PROBLEM REQUIREMENTS
After finding the line with "스레드는 프로세스 내에서", restate it and each remaining line of the material word for word, omitting every picture.
BEGIN EXTRACTED ENTRIES
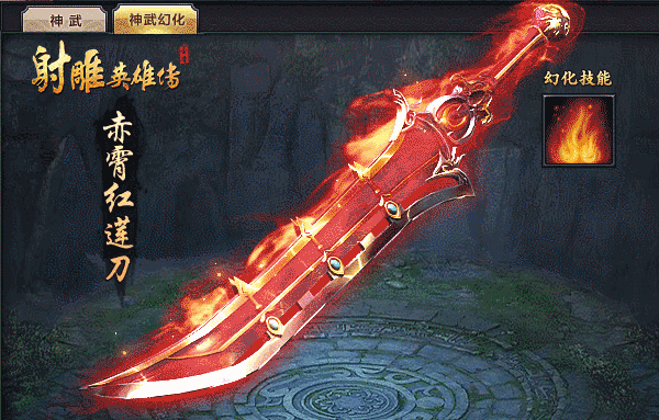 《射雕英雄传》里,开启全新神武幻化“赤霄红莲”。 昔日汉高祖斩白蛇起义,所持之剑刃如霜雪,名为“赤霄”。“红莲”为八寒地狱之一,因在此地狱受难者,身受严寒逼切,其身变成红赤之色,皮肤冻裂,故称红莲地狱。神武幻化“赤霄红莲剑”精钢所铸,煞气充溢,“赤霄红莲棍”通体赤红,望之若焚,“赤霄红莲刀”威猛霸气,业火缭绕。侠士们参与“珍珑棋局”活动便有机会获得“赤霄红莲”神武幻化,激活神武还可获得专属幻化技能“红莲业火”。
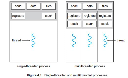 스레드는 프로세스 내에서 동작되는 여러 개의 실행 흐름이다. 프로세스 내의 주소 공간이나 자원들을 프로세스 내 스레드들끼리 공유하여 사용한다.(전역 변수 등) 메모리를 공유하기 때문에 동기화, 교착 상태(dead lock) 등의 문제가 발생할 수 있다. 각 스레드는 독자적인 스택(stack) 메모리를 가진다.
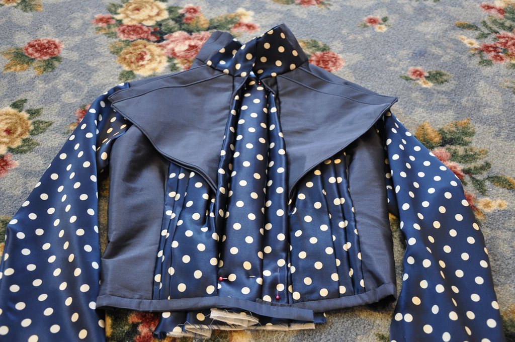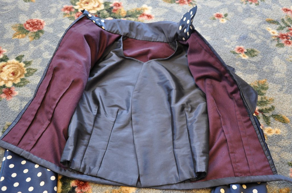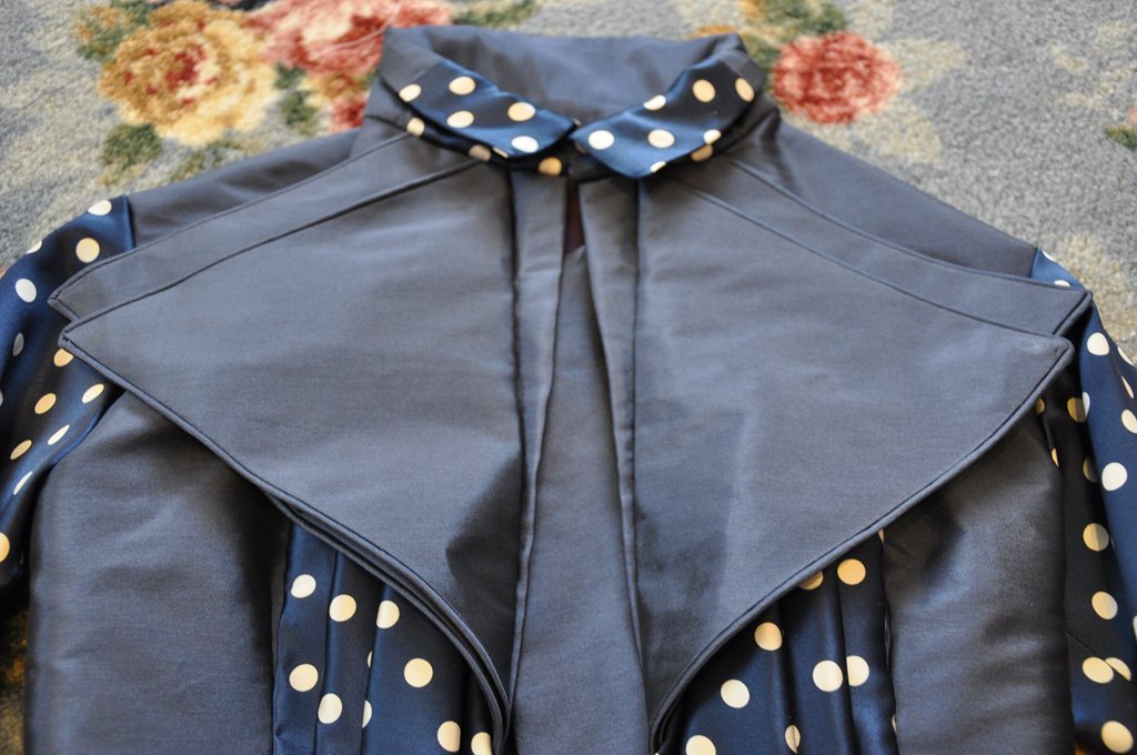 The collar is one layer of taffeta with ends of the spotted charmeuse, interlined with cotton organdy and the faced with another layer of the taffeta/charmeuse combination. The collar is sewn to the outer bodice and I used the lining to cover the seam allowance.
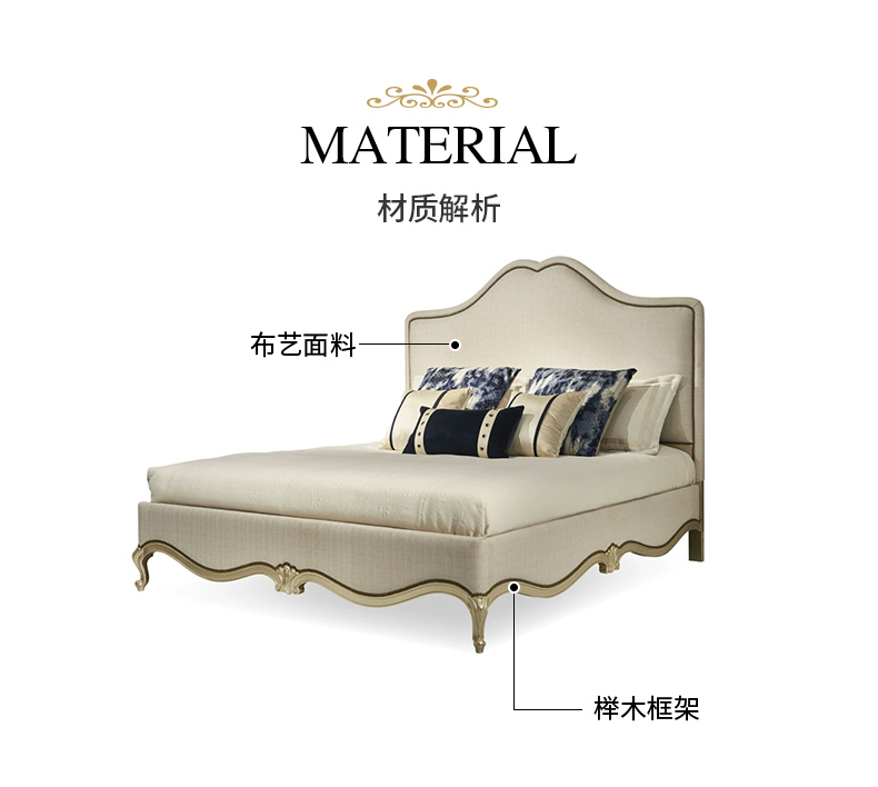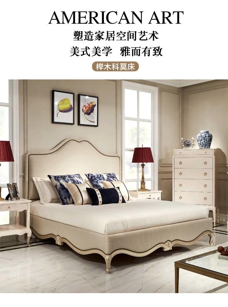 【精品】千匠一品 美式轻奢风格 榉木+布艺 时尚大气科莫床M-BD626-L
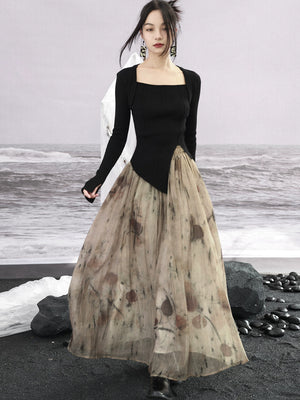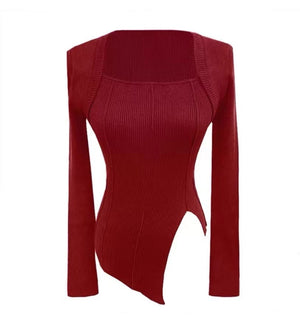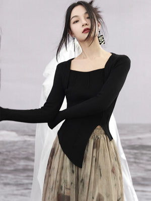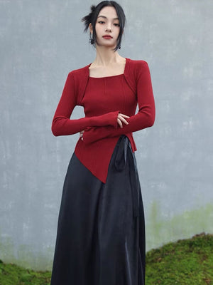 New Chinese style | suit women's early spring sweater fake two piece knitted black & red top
END EXTRACTED ENTRIES
ANSWER SPACE
 스레드는 프로세스 내에서 동작되는 여러 개의 실행 흐름이다. 프로세스 내의 주소 공간이나 자원들을 프로세스 내 스레드들끼리 공유하여 사용한다.(전역 변수 등) 메모리를 공유하기 때문에 동기화, 교착 상태(dead lock) 등의 문제가 발생할 수 있다. 각 스레드는 독자적인 스택(stack) 메모리를 가진다.
 The collar is one layer of taffeta with ends of the spotted charmeuse, interlined with cotton organdy and the faced with another layer of the taffeta/charmeuse combination. The collar is sewn to the outer bodice and I used the lining to cover the seam allowance.
 【精品】千匠一品 美式轻奢风格 榉木+布艺 时尚大气科莫床M-BD626-L
 New Chinese style | suit women's early spring sweater fake two piece knitted black & red top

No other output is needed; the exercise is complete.